The result indicates that the most likely 4-step path is (2 2 2 2 2) from state 2 to state 2, but if we want we have the most likely 4-step path from state 1 and state 1 then we have (1 2 2 2 1)

A real test

For our real test, I am going to need a function that generates the sequence of matrices we going going to multiply.

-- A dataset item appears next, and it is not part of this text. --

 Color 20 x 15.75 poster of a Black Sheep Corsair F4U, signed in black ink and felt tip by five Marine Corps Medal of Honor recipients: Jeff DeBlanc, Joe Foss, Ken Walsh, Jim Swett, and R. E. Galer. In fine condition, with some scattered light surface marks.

The following function takes 3 inputs:

  1. A matrix a of the conditional probabilities \(p(x_i\|y_j)\) of seeing a state \(x_i\) given the label \(y_j\).
  2. A matrix b of the probability distribution of the labels \(y_j\)’s
  3. A matrix c of transition probabilities \(p(y_j\|y_i)\) from a label \(y_i\) to another label \(y_j\).

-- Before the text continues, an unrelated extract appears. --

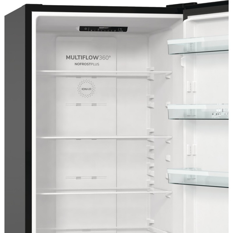Технологія IonAir створює негативно заряджені іони в приладі, які рівномірно розподіляються в холодильній камері за допомогою нової системи MultiFlow 360°. Збагачене цими аніонами повітря сприяє збереженню аромату продуктів і усуває неприємні запахи.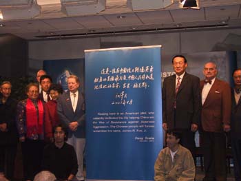 江泽民主席访美前夕,中国国务院新闻办在美国首都华盛顿的威尔逊中心举办“历史的记忆”展览,江泽民为在“二战”中“驼峰航线”上牺牲的美国飞行员吉米.福克斯题词。中美两国老兵和当年参加救援的中国村民代表及其他们的亲属在题词边合影。

and it returns a list of matrices \((\omega(1),\ldots,\omega(m))\).

(defun matrix (a b c)
   (let* ((m (array-dimension a 1))
          (n (array-dimension a 0)))
      (loop for i from 0 below m collect
         (make-array
            (list n n)
            :initial-contents
               (loop for j from 0 below n collect
                  (loop for k from 0 below n collect
                     (cons
                        (list j k)
                        (+ (- (log (aref a j i)))
                           (- (log (aref b j)))
                           (- (log (aref c j k)))))))))))
MATRIX

And our final test:

(let* ((a (make-array
             (list 3 4)
             :initial-contents
               '((0.25 0.25 0.25 0.25)
                 (0.05 0.00 0.95 0.00)
                 (0.40 0.10 0.10 0.40))))
       (b (make-array 3 :initial-contents '(0.5 0.1 0.4)))
       (c (make-array
             (list 3 3)
             :initial-contents
               '((0.75 0.25 0.00)
                 (0.00 0.00 1.00)
                 (0.00 0.00 1.00))))
       (path (mapcar (lambda (x) (position x '(:a :c :g :t)))
                '(:c :t :t :c
                  :a :t :g :t
                  :g :a :a :a
                  :g :c :a :g
                  :a :c :g :t
                  :a :a :g :t
                  :c :a)))
       (matr (matrix a b c)))
   (reduce #'tropic-mult (loop for x in path collect (elt matr x))))
#2A((((0 0 0 0 0 0 0 0 0 0 0 0 0 0 0 0 0 0 0 0 0 0 0 0 0 0 0) . 61.545197)
     ((0 0 0 0 0 0 0 0 0 0 0 0 0 0 0 0 0 0 0 0 0 0 0 0 0 0 1) . 62.64381)
     ((0 0 0 0 0 0 0 0 0 0 0 0 0 0 0 0 0 0 1 2 2 2 2 2 2 2 2) . 61.66136))
    (((1 0 0 0 0 0 0 0 0 0 0 0 0 0 0 0 0 0 0 0 0 0 0 0 0 0 0)
      . #.SB-EXT:SINGLE-FLOAT-POSITIVE-INFINITY)
     ((1 0 0 0 0 0 0 0 0 0 0 0 0 0 0 0 0 0 0 0 0 0 0 0 0 0 1)
      . #.SB-EXT:SINGLE-FLOAT-POSITIVE-INFINITY)
     ((1 0 0 0 0 0 0 0 0 0 0 0 0 0 0 0 0 0 0 0 0 0 0 0 0 0 2)
      . #.SB-EXT:SINGLE-FLOAT-POSITIVE-INFINITY))
    (((2 0 0 0 0 0 0 0 0 0 0 0 0 0 0 0 0 0 0 0 0 0 0 0 0 0 0)
      . #.SB-EXT:SINGLE-FLOAT-POSITIVE-INFINITY)
     ((2 0 0 0 0 0 0 0 0 0 0 0 0 0 0 0 0 0 0 0 0 0 0 0 0 0 1)
      . #.SB-EXT:SINGLE-FLOAT-POSITIVE-INFINITY)
     ((2 2 2 2 2 2 2 2 2 2 2 2 2 2 2 2 2 2 2 2 2 2 2 2 2 2 2) . 62.896347)))

Now, we see that the most probable path from state 0 to state 2 on these sequence of observations is (0 0 0 0 0 0 0 0 0 0 0 0 0 0 0 0 0 0 1 2 2 2 2 2 2 2 2) which agrees with the result obtained in the paper I took this problem from.

An analysis

Comparing the results with my previous post, we see that recursion with no memory leads to the most probable path with a given initial state, while in today’s implementation we find the most probable path with the chosen initial and terminal state which is more desirable.